Fine. I'm not dying today. I'm dying within 6 months. That's the official life expectancy in hospice. How can I enjoy life while expecting to die? I can't imagine living without some hope of surviving. (He flips back to his doctor-visit notes)


DR. ATZ (voiceover)


You can expect one thing and hope for another.




I always thought hospice patients were hopeless. Then she told me stories of patients in hospice who prepared their funerals down to the readings and songs yet kept hoping to recover. Expecting the likely outcome while hoping for the best, they thumbed their nose at cancer by enjoying life in ways they couldn't while in treatment.


Most of those patients ended up dying. But not all. One of her patients recovered, unexpectedly and inexplicably. A few patients stopped hospice to enter newly opened clinical trials. Many lived longer than expected, surely longer than had they continued treatment that didn't work.


DR. ATZ (voiceover)


In hospice, the only hope patients must let go is hope that treatment can help their cancer.




I get it. There's always hope. Good to know. (sigh) Now I'm back at square one.


Maybe I should try the "regret" exercise Dr. Atz mentioned. It's designed to stir emotions that might help me decide. I'm supposed to think about each option separately, imagining how I'd feel if I had the worst outcome and if I had the most likely outcome.


Which worst outcome would make me regret my choice more: Getting sick from the drug without it helping my cancer or getting sick from my cancer in hospice too quickly for any quality time? Hmmm....


Lemme try that exercise again, only this time looking at the most likely outcomes. After all, according to statistics, the most likely outcome is the most likely. In hospice, the likely outcome is dying. In treatment, the likely outcome is, ugh, dying. At the end in hospice, would I regret not trying the drug? Hmmm.... At the end in treatment, would I regret the time I'd spent at the cancer clinic or being sick from treatment? Hmmm....


(His eye catches the large refrigerator magnet with block letters that say "Triumph over cancer is measured by how I live, not how long.")

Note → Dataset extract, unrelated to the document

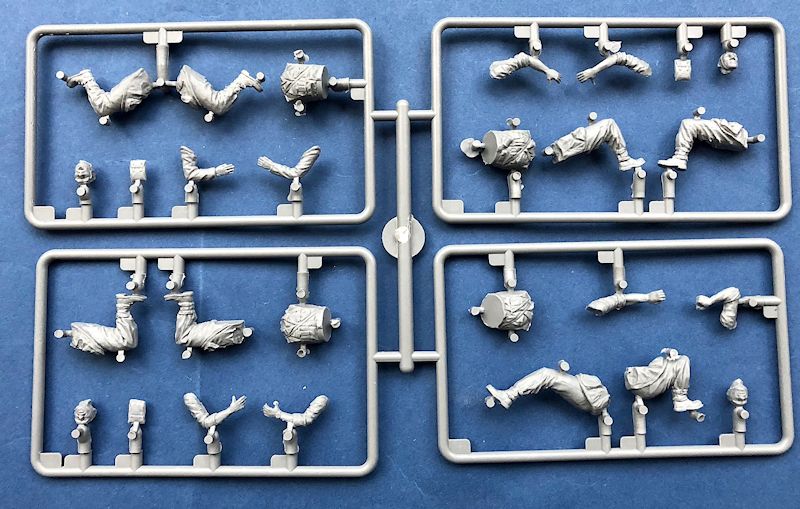Beim Öffnen des Kartons findet man vier Gussäste in grauem Plastikspritzguss, von denen sich einer den Hauptteilen der vier Figuren widmet. Diese machen einen guten Eindruck, aber im Vergleich zu den inzwischen als "High Tech" zu bezeichnenden Figuren von Tamiya und Dragon wirkt die Detailschärfe der "Geschirre" und Gürtel doch eher enttäuschend. Die Köpfe sehen ganz brauchbar aus, aber auch hier fehlt mir der letzte Schliff.

Since our first meeting, Dr. Atz kept telling me her goal was to help me live my best life every step of the way. Whatever my test results, she always reminded me clear scans were not the goal...they were only a means to our goal. Cancer made me realize that "now" is all any of us really has-sick or healthy...that every day is a gift. How do I want to use this gift of today? Clearly, there's no right answer...or easy answer.


Dr. Atz believes there is a best answer for me-and I'm the only person who can find it. The last thing she said before I left her office was to listen to my hopes, because "Where there is hope, there is life."


Maybe the key to solving my dilemma is figuring out which hopes can help me live my best life now. Will I find the most meaning and most happiness by holding on to any sliver of hope of treatment? Or by letting go of that hope and by making quality of life my number one hope?


I wish I could have both hopes. I can't. It comes down to deciding which hope takes priority, which one I hope for more. (long pause)


Given my chances with each option, and the pros and cons of each option, I think I know. As much as I want to stop thinking about this and be done, I'll wait at least a day before doing anything. Then I'll call Dr. Atz's office with my decision.


This view from the other side of the stethoscope doesn't reveal what the patient decided. Without knowing his top-priority hope, it's impossible to deduce from the soliloquy. That scripted ambiguity highlights that the best decision is not determined by statistics or medical information, but by patients' ability to weigh the pros and cons of each option in the context of their values.


The best you can do in the face of uncertainty is to facilitate your patients' efforts to choose. By sharing insights and decision-making tips along with medical information, you help them process the information and reflect on their values throughout the decision-making. Then, whatever the outcome, everyone can take comfort in knowing patients took the best path for them, a path lined with the hope that enabled them to live as well as possible.